Scraping Services - Assuring Scraping Success with Proxy Data Scraping

Have you ever heard of "Data Scraping?" Data Scraping is the process of collecting useful data that has been placed in the public domain of the internet (private areas too if conditions are met) and storing it in databases or spreadsheets for later use in various applications. Data Scraping technology is not new and many a successful businessman has made his fortune by taking advantage of data scraping technology.

Sometimes website owners may not derive much pleasure from automated harvesting of their data. Webmasters have learned to disallow web scrapers access to their websites by using tools or methods that block certain ip addresses from retrieving website content. Data scrapers are left with the choice to either target a different website, or to move the harvesting script from computer to computer using a different IP address each time and extract as much data as possible until all of the scraper's computers are eventually blocked.

Thankfully there is a modern solution to this problem. Proxy Data Scraping technology solves the problem by using proxy IP addresses.

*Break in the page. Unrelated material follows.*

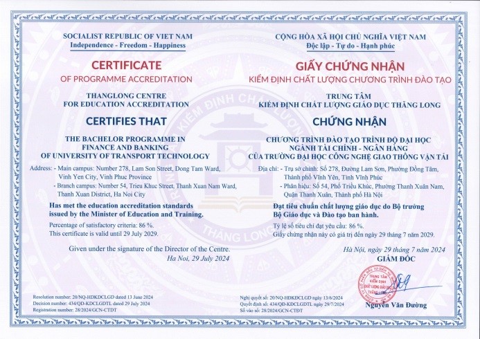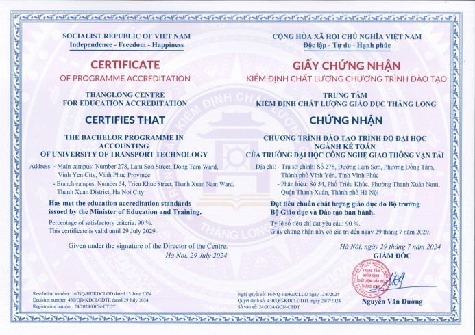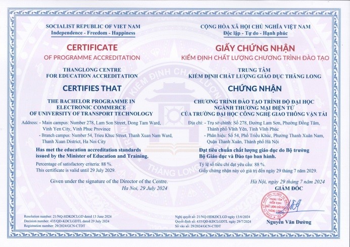 Ngày 29/7/2024, Trường Đại học Công nghệ Giao thông vận tải đón nhận Quyết định công nhận đạt tiêu chuẩn chất lượng và Giấy chứng nhận kiểm định chất lượng giáo dục của 11 chương trình đào tạo trình độ đại học, gồm các ngành: Công nghệ kỹ thuật cơ điện tử, Công nghệ kỹ thuật điện tử - viễn thông, Công nghệ kỹ thuật cơ khí, Công nghệ kỹ thuật công trình xây dựng, Công nghệ kỹ thuật môi trường, Kế toán, Kinh tế xây dựng, Khai thác vận tải, Logistics và Quản lý chuỗi cung ứng, Tài chính - Ngân hàng, Thương mại điện tử.

Every time your data scraping program executes an extraction from a website, the website thinks it is coming from a different IP address. To the website owner, proxy data scraping simply looks like a short period of increased traffic from all around the world. They have very limited and tedious ways of blocking such a script but more importantly -- most of the time, they simply won't know they are being scraped.

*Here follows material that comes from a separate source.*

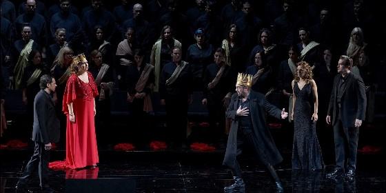 Un tanto decepcionante resultó la labor de la soprano Anna Pirozzi. Fue extraño apreciar tal falta de calor y de garra en una cantante italiana. En lo vocal, la voz resulta desguarnecida en la franja centro-grave, pero gana mucho timbre y metal en la centro-aguda con sonidos restallantes en esa franja, aunque las notas más extremas resultaron abiertas y un tanto estridentes. Cercano al grito fue el Re bemol 5 conclusivo de la escena del sonambulismo. La agilidad, tanto la di forza de la cabaletta “Or tutti sorgete” o la del dúo del acto tercero, como la intrincadísima del brindis, se resolvió de forma muy trabajosa. El fraseo, y es algo muy grave en un papel como este, -tanto como la falta de garra y de grinta-, fue mortecino, sin vida, sin contrastes, ni incisividad. No se puede decir, ni mucho menos, que la soprano italiana cante mal. Tiene un buen concepto de la línea, pero es un canto monótono, sin acentos, ni claroscuros, ni aristas, que selló una aburrida intepretación de papel tan tremendo y de tanta fuerza teatral. Sólo la famosa “hambre de tenor” que tiene el público cuando llega en el último acto el aria de Macduff “Oh figli miei… Ah la paterna mano” puede explicar la ovación que recibió el tenor neoyorquino Brian Jadge, de timbre escasamente atractivo, emisión gutural y agudos apretados, aunque, al menos, mostró esa preparación musical que suelen tener los cantantes estadounidenses. Tampoco pasó de discreto el Banquo de Ildebrando D’Arcangelo que cantó bien, como es habitual en él, pero sin especiales detalles como fraseador y cuyo material, falto de rotundidad, caudal y amplitud, es más propio de Mozart o Rossini, que de Verdi. Entre los secundarios destacó la sonoridad de Fernando Radó y la finura de Raquel Lojendio.

You may now be asking yourself, "Where can I get Proxy Data Scraping Technology for my project?" The "do-it-yourself" solution is, rather unfortunately, not simple at all. Setting up a proxy data scraping network takes a lot of time and requires that you either own a bunch of IP addresses and suitable servers to be used as proxies, not to mention the IT guru you need to get everything configured properly. You could consider renting proxy servers from select hosting providers, but that option tends to be quite pricey but arguably better than the alternative: dangerous and unreliable (but free) public proxy servers.

There are literally thousands of free proxy servers located around the globe that are simple enough to use. The trick however is finding them. Many sites list hundreds of servers, but locating one that is working, open, and supports the type of protocols you need can be a lesson in persistence, trial, and error. However if you do succeed in discovering a pool of working public proxies, there are still inherent dangers of using them. First off, you don't know who the server belongs to or what activities are going on elsewhere on the server. Sending sensitive requests or data through a public proxy is a bad idea. It is fairly easy for a proxy server to capture any information you send through it or that it sends back to you. If you choose the public proxy method, make sure you never send any transaction through that might compromise you or anyone else in case disreputable people are made aware of the data.

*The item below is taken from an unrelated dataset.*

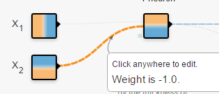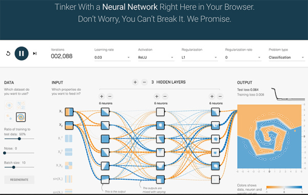 數(shù)據(jù):在二維平面內(nèi),若干點被標記成了兩種顏色。黃色,藍色,表示想要區(qū)分的兩類。你可以把平面內(nèi)的任意點標記成任意顏色。網(wǎng)頁給你提供了4種規(guī)律。神經(jīng)網(wǎng)絡會根據(jù)你給的數(shù)據(jù)訓練,再分類相同規(guī)律的點。輸入:在二維平面內(nèi),你想給網(wǎng)絡多少關(guān)于“點”的信息。從顏色就可以看出來,x_{1}左邊是負,右邊是正,x_{1}表示此點的橫坐標值。同理,x_{2}表示此點的縱坐標值。x_{1}^{2}是關(guān)于橫坐標值的“拋物線”信息。你也可以給更多關(guān)于這個點的信息。給的越多,越容易被分開。連接線:表示權(quán)重,藍色表示用神經(jīng)元的原始輸出,黃色表示用負輸出。深淺表示權(quán)重的絕對值大小。鼠標放在線上可以看到具體值。也可以更改。在(1)中,當把x_{2}輸出的一個權(quán)重改為-1時,x_{2}的形狀直接倒置了。不過還需要考慮激活函數(shù)。(1)中用的是linear。在(2)中,當換成sigmoid時,你會發(fā)現(xiàn)沒有黃色區(qū)域了。因為sigmoid的值域是(0,1)(1)(2)輸出:黃色背景顏色都被歸為黃點類,藍色背景顏色都被歸為藍點類。深淺表示可能性的強弱。上圖中所有在黃色背景顏色的點都會被分類為“黃點“,同理,藍色區(qū)域被分成藍點。在上面的分類分布圖中你可以看到每一層通過上一層信息的組合所形成的。權(quán)重(那些連接線)控制了“如何組合”。神經(jīng)網(wǎng)絡的學習也就是從數(shù)據(jù)中學習那些權(quán)重。Tensorflow playground所表現(xiàn)出來的現(xiàn)象就是“在我文章里所寫的“物質(zhì)組成思想”,這也是為什么我把Tensorflow playground放在了那一部分。不過你要是把Tensorflow的個名字拆開來看的話,是tensor(張量)的flow(流動)。Tensorflow playground的作者想要闡述的側(cè)重點是“張量如何流動”的。5種空間變換的理解:Tensorflow playground下沒有體現(xiàn)5種空間變換的理解。需要打開這個網(wǎng)站嘗試:ConvNetJS demo: Classify toy 2D data左側(cè)是原始輸入空間下的分類圖,右側(cè)是轉(zhuǎn)換后的高維空間下的扭曲圖。最終的扭曲效果是所有綠點都被扭曲到了一側(cè),而所有紅點都被扭曲到了另一側(cè)。這樣就可以線性分割(用超平面(這里是一個平面)在中間分開兩類)深層學習為何要“Deep”(下)

A less risky scenario for proxy data scraping is to rent a rotating proxy connection that cycles through a large number of private IP addresses. There are several of these companies available that claim to delete all web traffic logs which allows you to anonymously harvest the web with minimal threat of reprisal. Companies such as offer large scale anonymous proxy solutions, but often carry a fairly hefty setup fee to get you going.

The other advantage is that companies who own such networks can often help you design and implementation of a custom proxy data scraping program instead of trying to work with a generic scraping bot. After performing a simple Google search, I quickly found one company (www.ScrapeGoat.com) that provides anonymous proxy server access for data scraping purposes. Or, according to their website, if you want to make your life even easier, ScrapeGoat can extract the data for you and deliver it in a variety of different formats often before you could even finish configuring your off the shelf data scraping program.

Whichever path you choose for your proxy data scraping needs, don't let a few simple tricks thwart you from accessing all the wonderful information stored on the world wide web!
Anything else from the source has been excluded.